How long do you usually have to boil small pieces of Malaysian driftwood to get most of the tannins out?
TIA.


----------



## LSBoost (Jan 21, 2010)

Tannin isn't bad for fish so why waste time trying to get rid of it?

To answer your question: 3 hours to get rid most of it but it will still tan your tank for about a week or two more.


----------



## rarefaction (Aug 6, 2009)

LSBoost said:


> Tannin isn't bad for fish so why waste time trying to get rid of it?


Because I don't want my crystal clear, high water flow river tank looking murky. Therefore not a waste of my time. And it turns out it only took an hour or so...


----------



## RaizedWICKED (Feb 10, 2010)

you could boil wood for months non stop and it could still leach tannins into the water.

I have had Mopani wood in my tank(s) for years and it still turns the water a light tea color. Now, it is not as bad as it used to be but after 2 years I am surprised it still leaches.

With the type of wood in your tank i am unsure how long it would leach. Could be a week or months or even years.

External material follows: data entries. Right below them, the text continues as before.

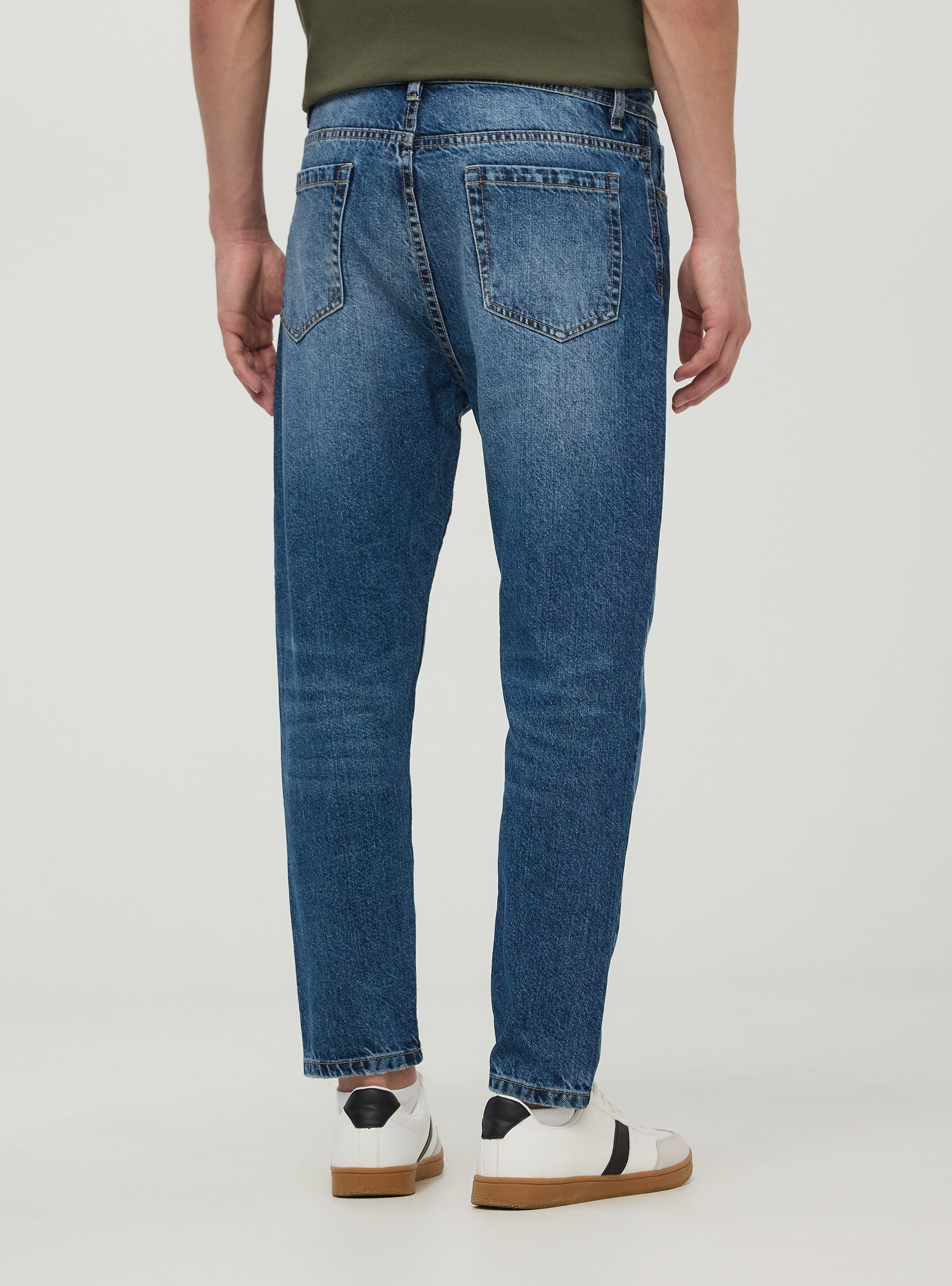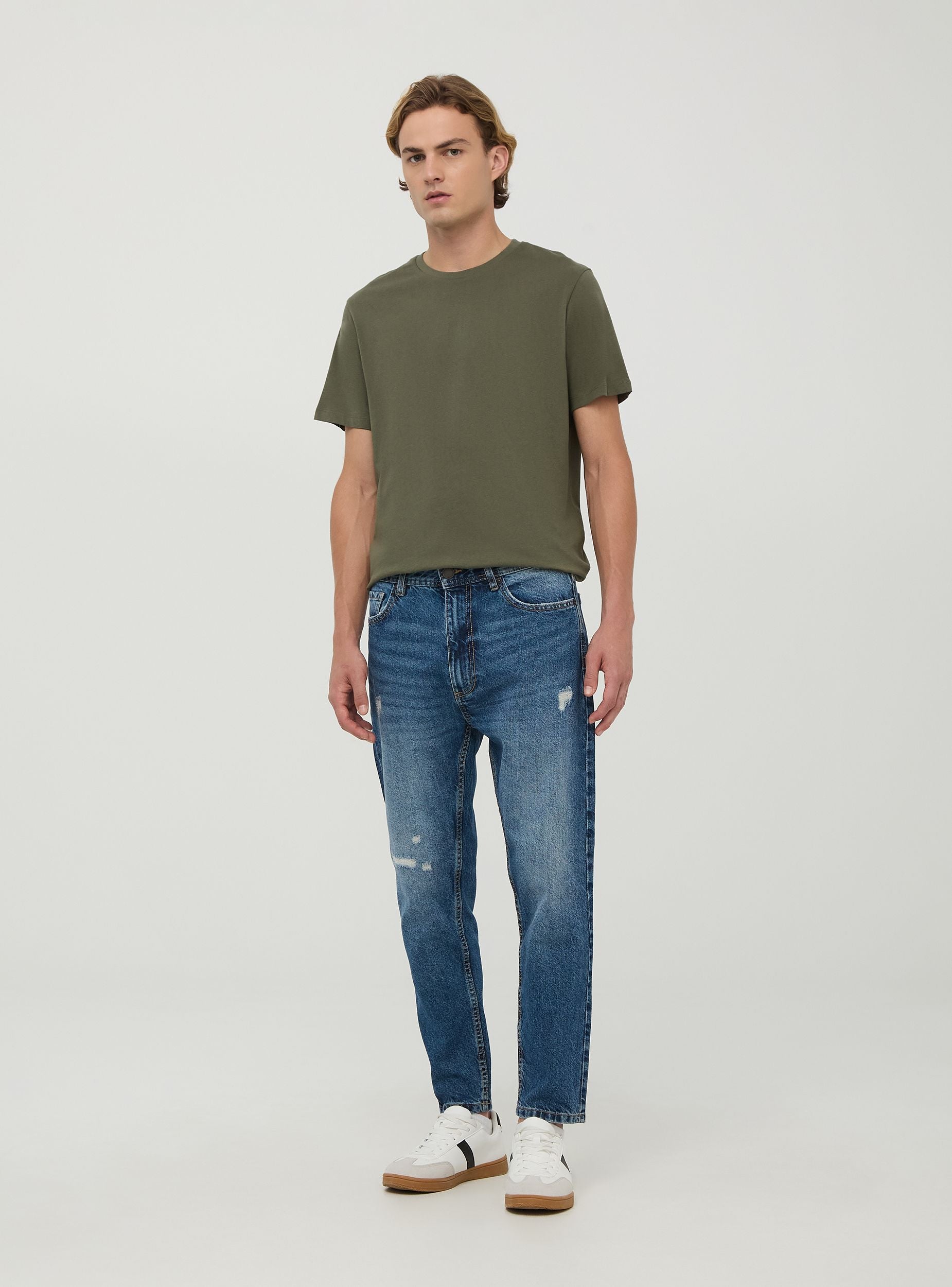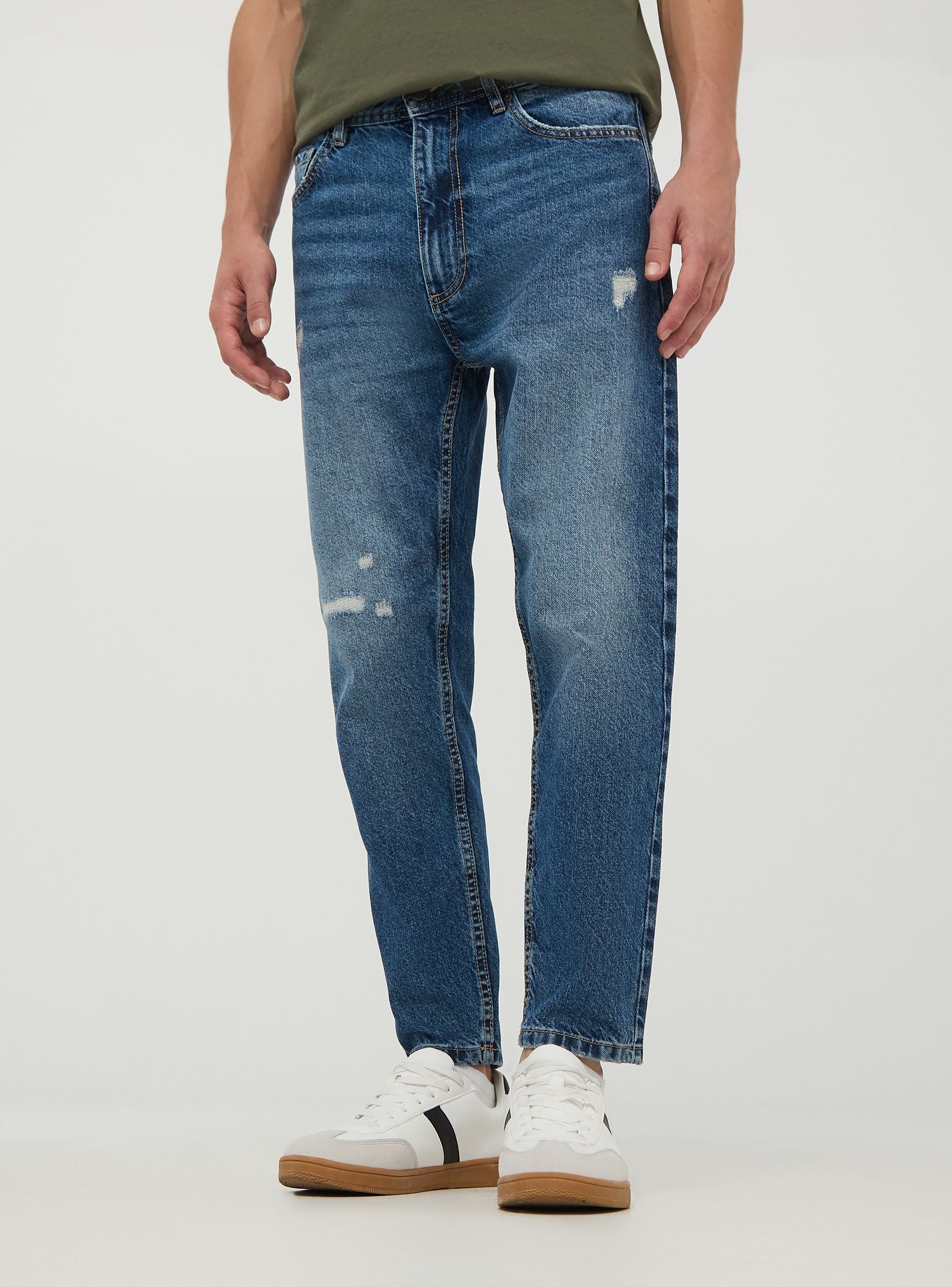 Tamni muški traperice s relaxed krojem, savršeni za ležeran i moderni izgled. Dizajn uključuje male strateški postavljene poderotine, koje daju dojam istrošenosti i trendi izgleda. Model s pet džepova, s petljama na struku i zatvaranjem na dugme i patentni zatvarač. Regularni struk osigurava udobnost i dobar kroj, dok relaxed silueta omogućava slobodu kretanja bez žrtvovanja stila. Idealni za svakodnevni ležeran izgled, ove traperice lako se kombiniraju s majicama i tenisicama za opušten, ali pažljivo osmišljen outfit.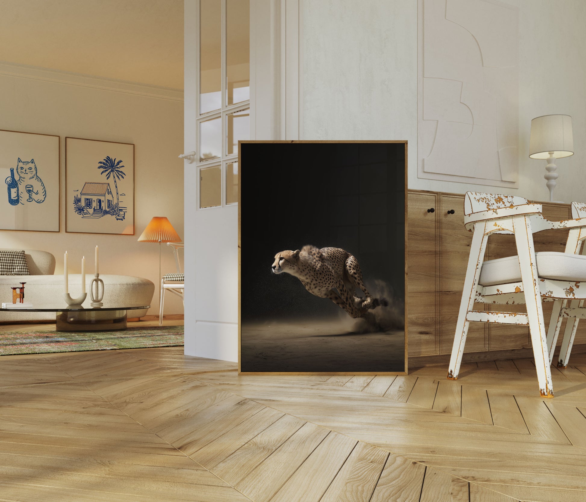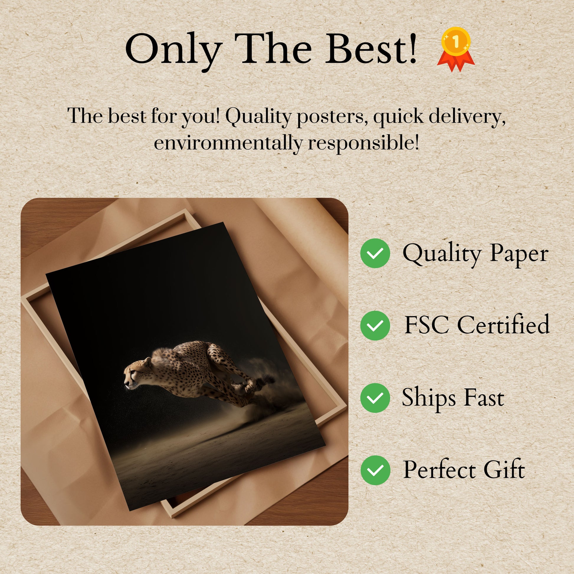 Captura la potencia bruta y la impresionante velocidad del depredador más increíble de la naturaleza con este impresionante póster de guepardo. Suspendido en pleno salto sobre un dramático fondo oscuro, la musculosa figura del guepardo y su pelaje moteado se iluminan con increíble detalle, creando un momento de energía pura e intensa, congelado en el tiempo. El polvo en espiral y la pose dinámica muestran la increíble agilidad y gracia de esta magnífica criatura.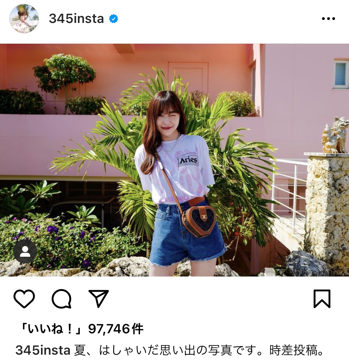 投稿した内容は「夏、はしゃいだ思い出の写真です」というコメントと共に、 太ももを大胆に露出したショートパンツコーデでウインクする姿が見受けられます。
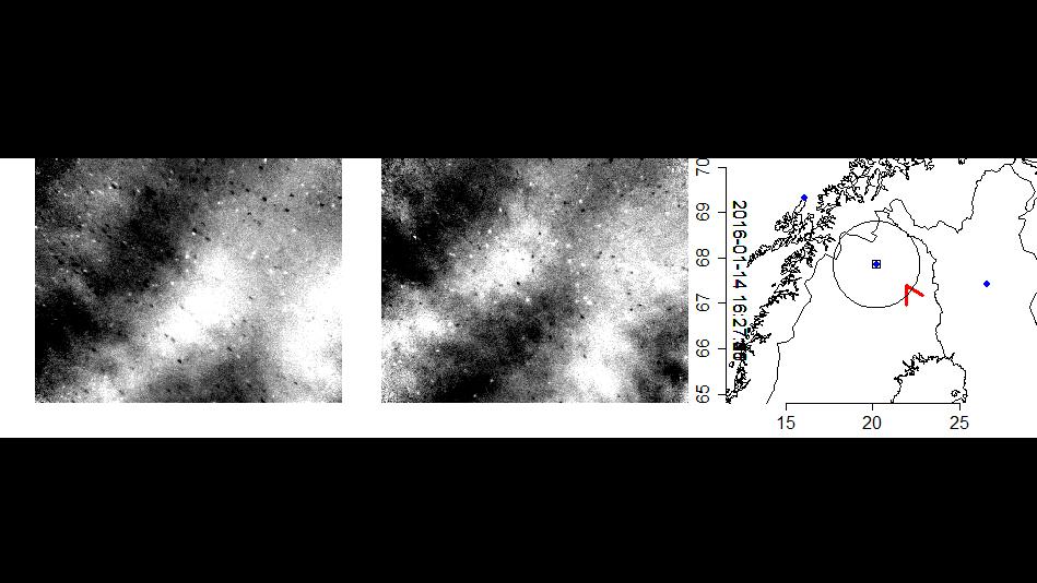 The first two images show changes in a gravity wave field within a few seconds. The black and white points are stars that have not been entirely eliminated and are, in fact, amplified by the differential imaging. The image on the far right shows a map of northern Scandinavia. The red arrow represents the position of the DLR Falcon research aircraft at the time of image acquisition. The blue dots are ground-based measuring stations.

Good news the tannins are not harmful to the fish, but if you want that crystal clear water, take the wood out/or do not put it in. I personally like the tea colored water. 

Good Luck

RW


----------



## PfunMo (Jul 30, 2009)

New carbon weekly may help if is does color the water. It's one of those things we each need to decide how much we really want it. I like large wood but I do have a price to pay when I first start a chunk.


----------



## rarefaction (Aug 6, 2009)

well like I said, I only boiled 3 small pieces at high heat (250f) for about an hour and plunked it in the tank... No tea color leaching after 24 hrs and no carbon in the filters. The first piece I bought about a year ago and did not boil it. It took 6 months to get the tank back the way it was. Obviously there is more than one type of wood out there and I'm sure size matters 

But my point is 60 minutes of boil got most of it out... this time...


----------



## PfunMo (Jul 30, 2009)

I use large pieces most of the time so boiling has never been an option for me.


----------



## upthecreek (Dec 27, 2009)

Hi,

I just finished boiling a 25 lb chunk of mylaysian wood Did not have pot big enough so put the wood in a rubber maid tub with fitted top. Every morning for a week I boiled water and dumped it in the rubber maid tub and let it sit till next morning then repeated. I have had the wood in my tank now for 5 days and no tannin yet but I assume I may get a slight trace soon.


----------